A WordPress htaccess file opened in a code editor showing rewrite rules and security directives in the root directory

What Is the .htaccess File and Why Does It Matter?

The name stands for “hypertext access,” but that tells you next to nothing. What matters is what it does. It is a per-directory configuration file for Apache web servers. When Apache serves a request for a directory, it checks for a .htaccess file in that directory and applies the rules it finds there.

For WordPress, the most critical job of .htaccess is URL rewriting. When you set your permalinks to something other than the default “plain,” WordPress writes a block of rewrite rules into .htaccess.

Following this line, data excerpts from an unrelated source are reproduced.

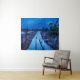 Panoramasicht auf das Bug in der Nacht mit Holzweg, kleinen Teichen und Kiefern. Wanderweg mit hölzernem Weg, der über den Sumpf führt, gegen Vollmond und Nachthimmel mit Sternen
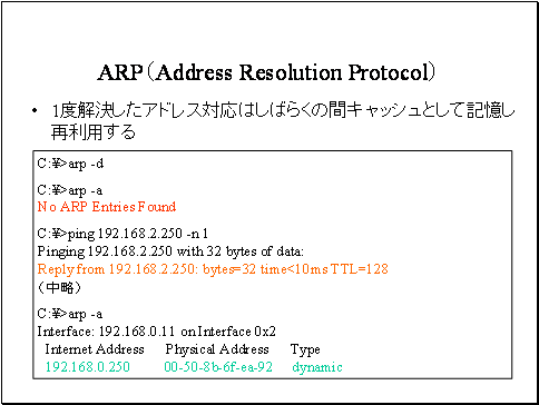 画面例では、arp –dコマンドを複数回実行し、既に持っているARPキャッシュを強制消去し、arp –aコマンドでARPキャッシュの消去を確認しています。これでping実行以前のARPキャッシュエントリは空である事が判ります。
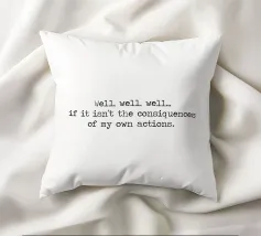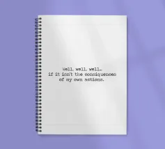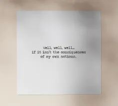 "Well well well, if it isn't the consequences of my own actions" quote minimalist black and white typewriter typography word art famous saying.
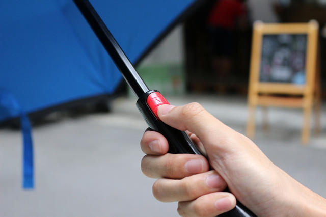 這把傘為何能讓挑剔的大編駐足呢?因為它竟然是自!動!傘!相較於一般反向傘,必須手動闔起,它在握把上設計了一個按鈕,以推代壓,收合時比傳統式自動傘省力很多,而且動作超級快的,千萬別隨便眨眼(再關一次不就好了)!另外,把手也長得很特別,十分符合人體工學,摸起來不會黏 T T,好握又滑溜~
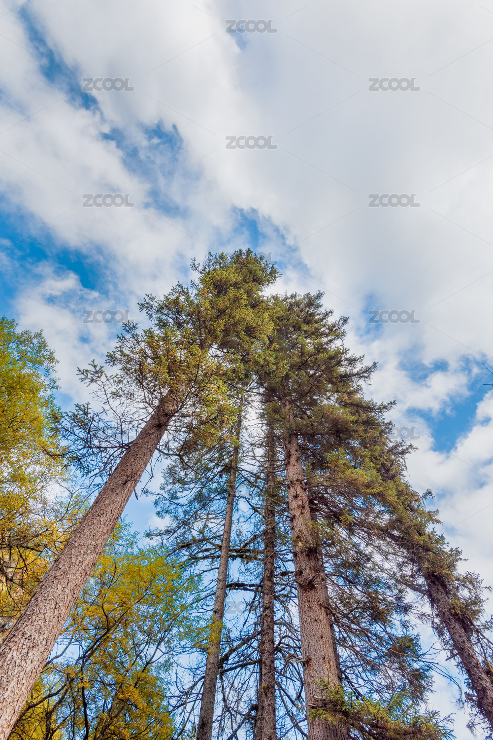 中国四川黑水县卡龙沟秋天斑驳的大树
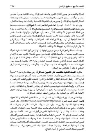 للمرأة؛ والقضاء عىل جميع أشكال التمييز والعنف ضد املرأة؛ وبذلت املنظمة جهودا ً لضمان حصول املرأة عىل س�بيل كامل ومتكافئ للحياة السياسية والعامة ،وفرص كاملة ومتكافئة للمشاركة فيها ،بما يف ذلك يف جميع جوانب التنمية االقتصادية واالجتماعية وصناعة القرار. ويف عام ،2010أنشأت الجمعية العامة هيئة األمم املتحدة للمرأة ()www.unwomen.org وهي هيئة األمم املتحدة للمس�اواة بني الجنسين وتمكني املرأة .وجاء هذا التحرك جزءًا من خطة اإلصالح يف األمم املتحدة التي سعت إىل دمج املوارد والواليات إلحداث قدر أكبر من األثر .وتهدف هيئة األم�م املتحدة للمرأة إىل إعطاء دفعة قوية لجهود األمم املتحدة الرامية إىل توس�يع اآلفاق أمام النس�اء والفتيات والتص�دّ ي للتمييز الواقع بحقه�ن حول العالم .وتش�كل املس�اهمة يف صياغة املعايري والقواع�د العاملية أحد األدوار الرئيسية املنوطة بهيئة األمم املتحدة للمرأة. وصاغت لجنة وضع املرأة مبادئ توجيهية وقوانني دولية من أجل كفالة املساواة للمرأة وع�دم التمييز بحقها — وأهمها اتفاقية القضاء عىل جميع أش�كال التمييز ضد املرأة لعام ،1979والربوتوكول االختي�اري لالتفاقية لعام .1999كما أعدت إعالن القضاء عىل جميع أشكال العنف ضد املرأة ،الذي اعتمدته الجمعية العامة يف عام 1993وتضمن يف جملة أمور تعريف العنف ضد املرأة بوصفه عنفا ً جس�ديا ً أو جنس�يا ً أو نفس�يا ً يقع داخل األرسة أو يف املجتمع ترتكبه أو تتغاىض عنه الدولة. وتتوىل اللجنة املعنية بالقضاء عىل التمييز ضد املرأة ،وهي هيئة مكونة من 23خبريا ً مس�تقالً ،رصد تنفيذ الدول األطراف التفاقية القضاء عىل جميع أش�كال التمييز ضد املرأة لعام .1979وتنظر اللجنة يف التقارير املقدّمة من الدول األعضاء لتقييم التقدم الذي تحرزه يف تجس�يد مبادئ املساواة بني الرجال والنساء .ويجوز للّجنة أيضا ً دراسة البالغات املقدمة م�ن األفراد وإجراء تحقيقات فيها بموجب أحكام الربوتوك�ول االختياري لالتفاقية .وتقدم أي موضوع يكون له تأثري يف املرأة وت�رى رضورة أن توليه الدول اللجن�ة توصيات بش�أن ّ األعضاء قدرا ً أكرب من العناية ،مثل موضوع العنف املرتكب ضد املرأة. وبالتمايش مع املعايري الدولية لحقوق اإلنسان ،تسعى حملة األمني العام املعنونة اتحدوا، إلنهاء العنف ض�د امل�رأة ( )http://www.un.org/ar/women/endviolenceإىل نرش الوعي وتعضيد اإلرادة السياس�ية وزيادة املوارد ملنع جميع أش�كال العنف املرتكب بحق النس�اء والفتيات ووضع حد له يف كافة أنحاء العالم .وتدعم حملة ‘اتحدوا’ جهود املنظمات النسائية ومنظم�ات املجتمع املدني وتشرك القطاع الخاص من أجل تحقيق خمس�ة أهداف بحلول نهاي�ة الحمل�ة يف عام 2015وه�ي :اعتماد وإنف�اذ قوانني وطنية تتصدّى لجميع أش�كال العنف ضد النس�اء والفتيات وتعاقب عليه؛ اعتم�اد خطط وطنية ذات صلة؛ تكريس عملية لجمع البيانات عن مدى انتش�ار العنف ضد النس�اء والفتيات بكافة أش�كاله؛ إعداد حمالت وطني�ة ومحلية ملنع العنف وتوفري الدعم للنس�اء والفتيات الالئي يتعرضن لس�وء املعاملة؛ التصدي ملشكلة العنف الجنيس يف أحوال النزاع.

Without those rules, your pretty URLs break, and visitors see 404 errors on every page except the homepage.

Beyond rewriting, .htaccess is used for:

  • Security restrictions (blocking access to sensitive files)
  • Redirects (301 and 302)
  • Browser caching (expires headers)
  • Compression (Gzip)
  • Blocking bad bots
  • Preventing hotlinking

The file lives in your WordPress root directory, which is usually the public_html folder or a subfolder depending on your installation. It is hidden by default because of the leading dot, so you may need to enable “show hidden files” in your FTP client to see it.

Back Up Your Existing .htaccess File First (Critical Step)

Do not skip this. Editing .htaccess without a backup is the fastest way to take your site down. A single typo, a missing closing bracket, or a forgotten RewriteEngine On can trigger a 500 Internal Server Error that makes your entire site inaccessible.

Here is how to back it up properly:

  • Via FTP: Connect to your server, navigate to the root directory, and download the .htaccess file to your local computer. A reliable FTP client makes this process easy and secure.
  • Via cPanel File Manager: Open File Manager, find .htaccess in public_html, right-click, and download.

Keep a copy with a clear name like .htaccess.bak.2024-10-01. If something goes wrong, you can rename the broken file to something like .htaccess.broken and rename your backup back to .htaccess. This restores your site instantly.

A common beginner mistake is editing the file directly on the server without a backup, then not being able to undo the change because the site is already returning errors. The extra minute it takes to download a copy is cheap insurance.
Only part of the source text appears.